Though the housing industry is still facing challenges, there are several bright spots that can be found in different regions throughout the country. For example, a CoreLogic study showed August home prices increasing in 12 states and Washington DC by up to 9 percent (West Virginia). And our comprehensive market analysis system, Local Housing Data, shows positive movement in overall unit sales in the northeast.
Though average sales prices seemed to settle a bit compared to the 2nd quarter, unit sales were up by as much as 15.5 percent in the third quarter. This shows a pickup in demand, likely due to a combination of historically low interest rates and low home prices. It is also positive to see the number of home sales increasing year over year, despite the elimination of the homebuyer tax credit last year. The table below lays out major market indicators for the northeast.
As mentioned before, mortgage rates are near historic lows, though they did spike last week. The 30-year FRM averaged 4.12 percent at the end of last week vs the prior week, when it averaged 3.94percent. A 15-year FRM averaged 3.37 percent up from the prior week when it averaged 3.26 percent. This uptick was likely related to a better than expected employment report for September.
Without a doubt, we are still in the midst of a buyer’s market. Extremely low prices and low interest rates remain wonderful incentives for homebuyers-there really hasn’t been a better time in recent history to purchase a home. In fact, as the Wall Street Journal recently stated: “It’s an excellent time to buy a house, either to live in for the long term or for investment income…Houses aren’t the magic wealth creators they were made out to be during the bubble. But when prices are low, loans are cheap and plump investment yields are scarce, buyers should jump.”
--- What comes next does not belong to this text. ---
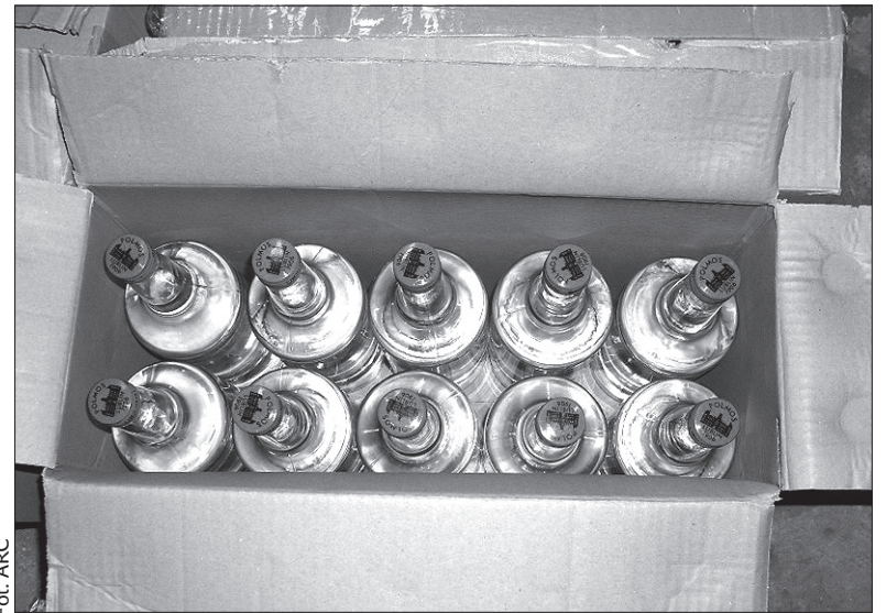
Alkohol zatrzymany przez celników w Czeskim Cieszynie.

Mężczyzna nie przedstawił żadnych dokumentów o legalnym zakupie alkoholu. Ten zaś został umieszczony w strzeżonym magazynie Urzędu Celnego. Celnicy oszacowali, że w przypadku zatrzymanego towaru, państwo straciłoby na podatkach blisko 160 tys. koron. (kor)

We would like to make a note to sellers, however. Due to the robo-signing controversy last year, you may have noticed that foreclosure numbers are dropping. Investigations were led into lender and foreclosure procedures, slowing down the overall processing times. However, there have been numerous predictions from major financial and real estate institutions, such as Standard & Poor, JP Morgan and Barclays stating that a glut of foreclosures, due in the coming months, will push prices down by another 6 or 7 percent. As a seller, you don’t want to have your home on the market when this happens. Sell now to avoid losing too much equity in the future.